Continuing in the series of Cuban recorded Ansonica Records projects comes Coro Del Mundo - choir of the world. With tracks ranging from sacred to secular, and from delicate to aggressive, the surprising cohesiveness of the composers’ work is astonishingly beautiful and impassioned. Schola Cantorum Coralina and Vocal Luna contribute exquisite vocals to the proceedings...

Coro Del Mundo is a wonderfully diverse and intricate choral work by numerous composers. The interesting aspect here is that even though each composer's work is different from the other tracks on the album, it works as one wonderful work of art, flowing naturally.

L Peter Deutsch’s 'Dance to the Revolution' opens the recording and takes inspiration from the writing of Emma Goldman. Goldman was one of the seminal writers and activists in the development of early-20th-century anarchist thought.

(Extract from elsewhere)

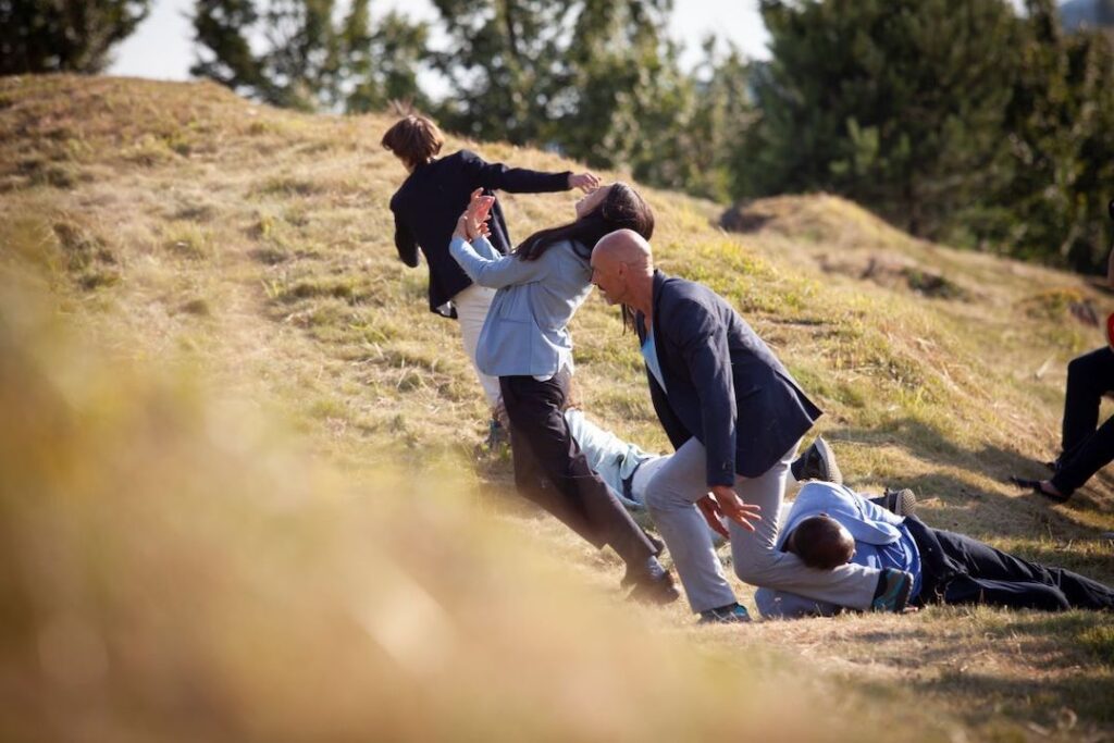 dancers, tour-guides DOWNHILL since 2015: Andrea Boll, Ivan Blagajcevic, Chris de Feyter, Hella Immler, Dina Sennhauser, Rakesh Sukesh, Emeric Rabot

Deutch’s 'Where Everything is Music' transports us to Havana. The lyrics for which are excerpted from a poem by Rumi, the 13th-century Persian poet and mystic, in the classic and well-loved translation by Coleman Barks.

Cuban composer and conductor Guido López-Gavilán’s 'Qué Rico É!' is a shimmering choral mambo.

J.A. Kawarsky’s 'Sacred Rights, Sacred Song', a multi-movement piece, envisions Israel as a healthy Jewish democracy in which the spiritual civil rights of all Jews are protected; Judaism is expressed and celebrated freely and equally by men and women and in its myriad forms of observance; and matters of personal status and spirit are governed by a public Jewish Law that welcomes vibrancy and creativity.

Michael Murray’s 'El Lunar (The Mole)', based on a poem by Juan Clemente Zenea, depicts the adoration of a beautiful woman. 'Caminando (Walking)', based Nicolás Guillén’s poem focuses on the extreme poverty and scarcity faced by many Cubans in the 1930’s. The extraordinary desperation and bleakness Guillén depicts is emphasized by the implication of cannibalism toward the end of the piece. 7

Meira Warshauer’s 'We Are Dreamers' is an adaptation of the Jewish psalm 'Shir Hamalot (A Song of Ascents)'. In ancient times, the Shir Hamalot was sung as Jews walked into Jerusalem for festival holidays. Today it is most commonly chanted as part of the Birkat Hamazon (Grace After Meals) on Shabbat.

While I found the entire album profoundly moving, I have to single out 'We Are Dreamers' as particularly noteworthy. With it's otherworldly delivery this rounds the album off beautifully.